Наши катания на санках всегда заканчивались распитием горячего чая из термоса и наблюдением за закатом. Зимой закаты почти всегда кровавые, и все вокруг словно сбрызнуто гранатовым соком. И ты стоишь как будто бы один, в руке стаканчик с обжигающим чаем и весь мир молчит. Только ты и солнце, заходящее за горизонт. И тысячи, миллиарды кружащихся в снегу огоньков, провожающих солнце.
В тот день и правда был очень красивый закат.
А потом вдруг Герда куда-то подевалась. Я вызвался ее искать, потому что меня еще никогда не отпускали с лес одного, а тут подвернулась такая возможность, упустить которую было бы просто неправильно. Мама конечно тут же сказала свое твердое «Нет», которое тут же разбилось о папино «Да».
Больших слов мне и не надо было. Я уже бежал по хрустящему снегу, небо темнело с каждой секундой и над головой появлялись они, маленькие светящиеся дырочки, сквозь которые, как говорила мне бабушка, светил нам Бог, пытаясь передать привет.
Я бежал по хрустящему снегу, холод царапал горло и легкие, но я бежал, и оборачивался, и звал Герду, а ее нигде не было.
В конце концов я остановился и огляделся, на этот раз внимательно. И прислушался.
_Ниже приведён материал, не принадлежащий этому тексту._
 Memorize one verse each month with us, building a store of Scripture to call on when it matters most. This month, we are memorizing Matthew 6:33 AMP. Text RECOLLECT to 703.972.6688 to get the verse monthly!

И именно тогда я понял, что такое звенящая тишина. Как будто бы где-то разбили огромный бокал, и этот звук, оставшийся после, сделали тише и отразили эхом от всех деревьев, от снега и даже неба. Вокруг стоял тонкий звон, казалось, его можно даже пощупать, только протяни руку.
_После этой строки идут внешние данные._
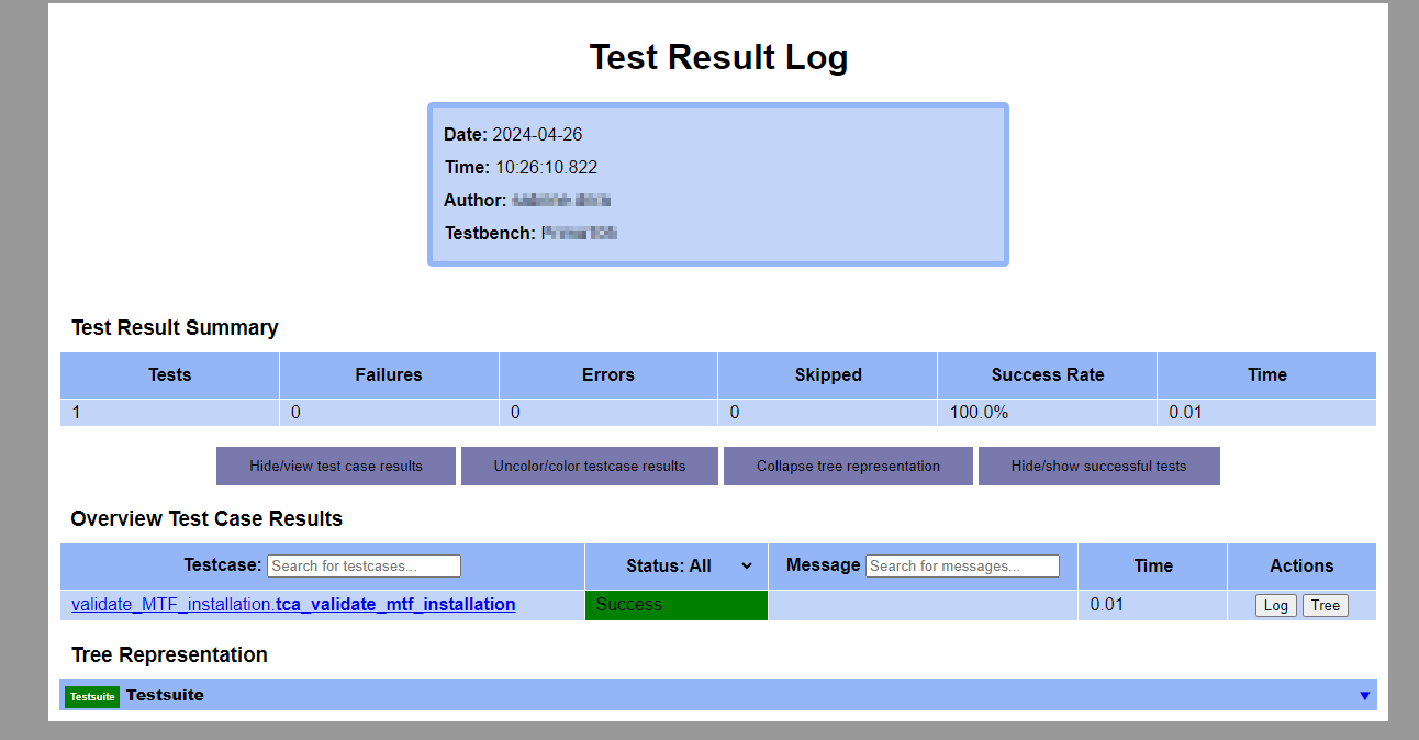 Additionally, the HTML report provides a tree representation of the test suite, which include the test suite, test groups, test cases, test phases and test steps.

Ничто не нарушало его. Я не слышал ни голосов родителей, ни лая Герды.
Вдруг позади меня захрустел снег. Я обернулся, но никого не было. Но кто же убедил бы меня, 7-летнего, что разумнее всего было бы вернуться обратно к родителям? Я продолжил поиски и намеревался не возвращаться к родителям без собаки.
Тем временем солнце уже окончательно пропало, звезды зажглись, и небо поменяло цвет. Становилось темнее и темнее, тени в лесу приобретали странные очертания, холод становился крепче, но ничего этого я не заметил. Для меня существовал только лес, и я, и Герда, которая где-то одиноко скулила и ждала меня, героя, бесстрашного спасителя собак.
Лес тонул в темноте. Снова пошел снег и я остановился. И понял. Понял, что зашел слишком далеко. Бесстрашный спаситель собак заблудился в лесу, и все, что ему оставалось, это ждать.
Вокруг плясал снегопад. Я видел каждую снежинку, каждую крохотную замерзшую каплю, оседающую на деревья, на хвою, на землю и на мой нос. Вокруг все кружилось, и я, поддавшись порыву, начал кружить вместе с ними. Казалось, будто бы все вокруг это я, и снег тоже я, и единственное, чего мне хотелось, это чтобы меня нашли, но попозже, а пока я танцую со снегом.
Маленькие снежинки казались серыми на фоне молочного неба. Елки сомкнули свои короны надо мной, каждая из них словно глядела на меня, молча изучала в этой звенящей тишине, в тишине, под которую танцует снег.
Небо налилось синим, Бог светил ярче, но видно не было практически ничего. Тонкий кусочек луны висел невысоко над лесом, новолуние. Наконец я перестал кружиться и неожиданно заметил, что темнота обступила меня со всех сторон.
Что я должен был делать? Я прислонился к дереву и закрыл глаза руками. Холод кусал меня за пальцы и лицо, деревья молчали и мой плач тонул в тишине, огромной ледяной тишине.
Я подумал, что Герда наверное давно нашлась и теперь ищут меня, маленького и замерзшего, и мама наверняка волнуется, а сестра ругается, и только папа старается сохранять спокойствие. Его не так-то легко вывести из себя. И он идет через лес с Гердой на поводке, луч фонарика скользит по стволам елей, сзади бегут мама с сестрой, они зовут меня, но я не слышу, я тут, в тишине, и она не пускает меня обратно.
А сверху светит через дырочки Бог, может он даже пытается показать им, где я, но его никто не слышит. Никто никогда его не слышит.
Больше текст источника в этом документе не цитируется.